The 3 different clusters managers supported in Apache Spark are:

  1. YARN
  2. Apache Mesos –Has rich resource scheduling capabilities and is well suited to run Spark along with other applications. It is advantageous when several users run interactive shells because it scales down the CPU allocation between commands.
  3. Standalone deployments – Well suited for new deployments which only run and are easy to set up.

Q41. Explain About The Core Components Of A Distributed Spark Application.?

Driver: The process that runs the main () method of the program to create RDDs and perform trformations and actions on them.

Executor: The worker processes that run the individual tasks of a Spark job.

Cluster Manager: A pluggable component in Spark, to launch Executors and Drivers. The cluster manager allows Spark to run on top of other external managers like Apache Mesos or YARN.

Q42. Explain About The Popular Use Cases Of Apache Spark?

Apache Spark is mainly used for:

  • Iterative machine learning.
  • Interactive data analytics and processing.
  • Stream processing
  • Sensor data processing

Q43. What Are The Languages Supported By Apache Spark For Developing Big Data Applications?

Scala, Java, Python, R and Clojure

Q44. Hadoop Uses Replication To Achieve Fault Tolerance. How Is This Achieved In Apache Spark?

Data storage model in Apache Spark is based on RDDs. RDDs help achieve fault tolerance through lineage. RDD always has the information on how to build from other datasets. If any partition of a RDD is lost due to failure, lineage helps build only that particular lost partition.

Q45. Define A Worker Node.?

A node that can run the Spark application code in a cluster can be called as a worker node. A worker node can have more than one worker which is configured by setting the SPARK_ WORKER_INSTANCES property in the spark-env.sh file. Only one worker is started if the SPARK_ WORKER_INSTANCES property is not defined.

Q46. What Do You Understand By Executor Memory In A Spark Application?

Every spark application has same fixed heap size and fixed number of cores for a spark executor. The heap size is what referred to as the Spark executor memory which is controlled with the spark.executor.memory property of the –executor-memory flag.

Every spark application will have one executor on each worker node. The executor memory is basically a measure on how much memory of the worker node will the application utilize.

Q47. What Is A Sparse Vector?

A sparse vector has two parallel arrays –one for indices and the other for values. These vectors are used for storing non-zero entries to save space.

Q48. When Running Spark Applications, Is It Necessary To Install Spark On All The Nodes Of Yarn Cluster?

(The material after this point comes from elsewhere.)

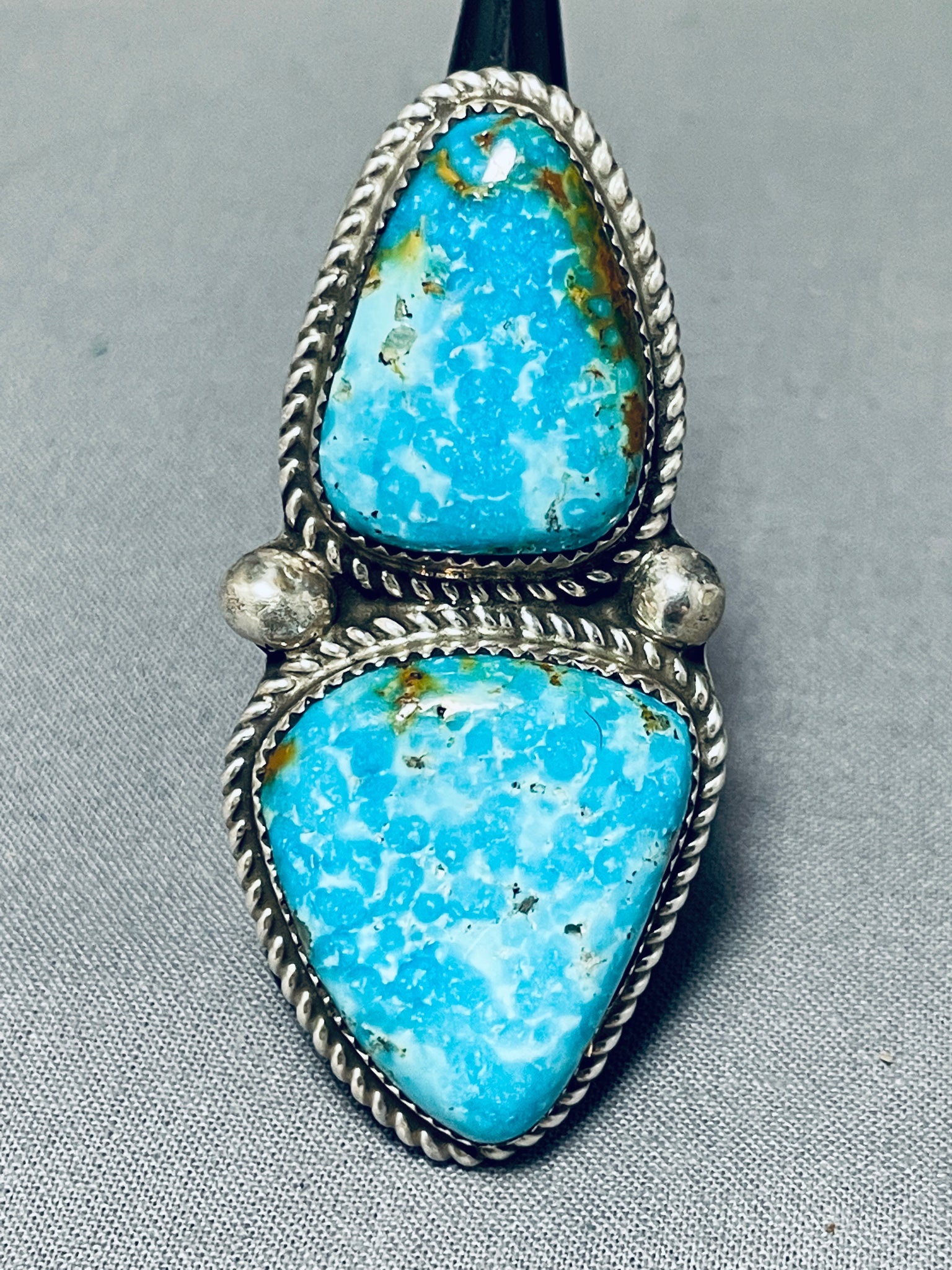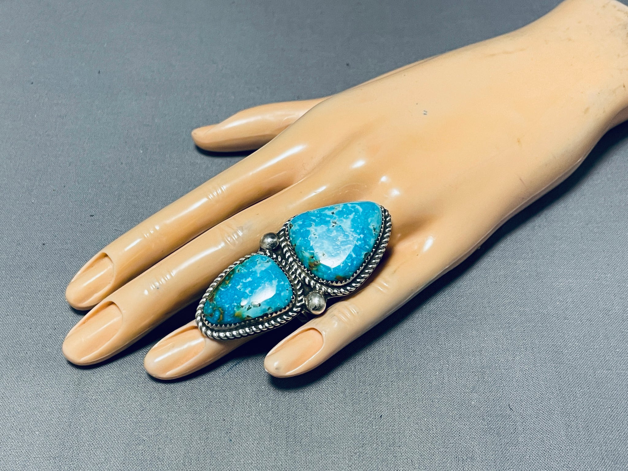 Huge Native American Navajo Double Turquoise Sturdy Sterling Silver Ring

Spark need not be installed when running a job under YARN or Mesos because Spark can execute on top of YARN or Mesos clusters without affecting any change to the cluster.

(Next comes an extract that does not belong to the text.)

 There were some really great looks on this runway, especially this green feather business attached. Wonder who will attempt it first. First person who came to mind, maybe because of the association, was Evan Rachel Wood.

Q49. How Can You Compare Hadoop And Spark In Terms Of Ease Of Use?

Hadoop MapReduce requires programming in Java which is difficult, though Pig and Hive make it considerably easier. Learning Pig and Hive syntax takes time. Spark has interactive APIs for different languages like Java, Python or Scala and also includes Shark i.e. Spark SQL for SQL lovers – making it comparatively easier to use than Hadoop.

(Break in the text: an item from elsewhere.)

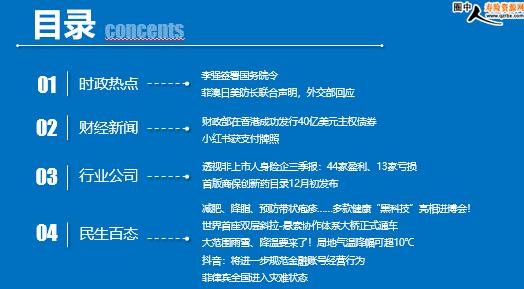 每日新闻速递 2025年11月7日 星期五 目录 时政热点 财经新闻 行业公司 民生百态 李强签署国务院令 菲澳日美防长联合声明,外交部回应 财政部在香港成功发行40亿美元主权债券 小红书获支付牌照 透视非上市人身险企三季报:44家盈利、13家亏损 首版商保创新药目录12月初发布 减肥、降脂、预防带状疱疹……多款健康“黑科技”亮相进博会! 世界首座双层斜拉-悬索协作体系大桥正式通车 大范围雨雪、降温要来了!局地气温降幅可超10℃ 抖音:将进一步规范金融账号经营行为 菲律宾全国进入灾难状态 时政热点 李强签署国务院令 2025年11月6日 17:22 来源:证券时报 新华社北京11月6日电 国务院总理李强日前签署国务院令,公布《生态环境监测条例》(以下简称《条例》),自2026年1月1日起施行。 《条例》旨在规范生态环境监测活动,提升生态环境监测能力和水平,保障生态环境监测数据质量,更好发挥生态环境监测在支撑生态文明和美丽中国建设、服务经济社会高质量发展中的重要作用。《条例》共7章49条,主要规定了以下内容。 菲澳日美防长联合声明,外交部回应 2025年11月6日 17:15 来源:财联社 据央视新闻,11月6日,外交部发言人毛宁主持例行记者会。针对菲律宾、澳大利亚、日本和美国四国防长在东盟防长扩大会期间会晤并发表涉东海和南海的联合声明,毛宁表示,有关国家在涉海问题上炒作虚假叙事,无端攻击指责中国,中方对此强烈不满、坚决反对。 当前东海、南海局势总体保持稳定,有关方面应尊重地区国家通过对话协商妥处涉海问题、维护地区和平稳定的努力,停止借涉海问题挑动争议,加剧紧张。至于“南海仲裁案”,完全是一出披着法律伪装的政治闹剧,目的就是搅乱南海,从中谋利,所谓“裁决”是非法的、无效的,没有拘束力,中方从一开始就不接受、不承认。 亚太是合作发展的高地,不是地缘博弈的棋局。搞集团政治和阵营对抗不会带来和平与安全,不利于亚太和世界的稳定。

Q50. What Are The Key Features Of Apache Spark That You Like?

  • Spark provides advanced analytic options like graph algorithms, machine learning, streaming data, etc
  • It has built-in APIs in multiple languages like Java, Scala, Python and R
  • It has good performance gains, as it helps run an application in the Hadoop cluster ten times faster on disk and 100 times faster in memory.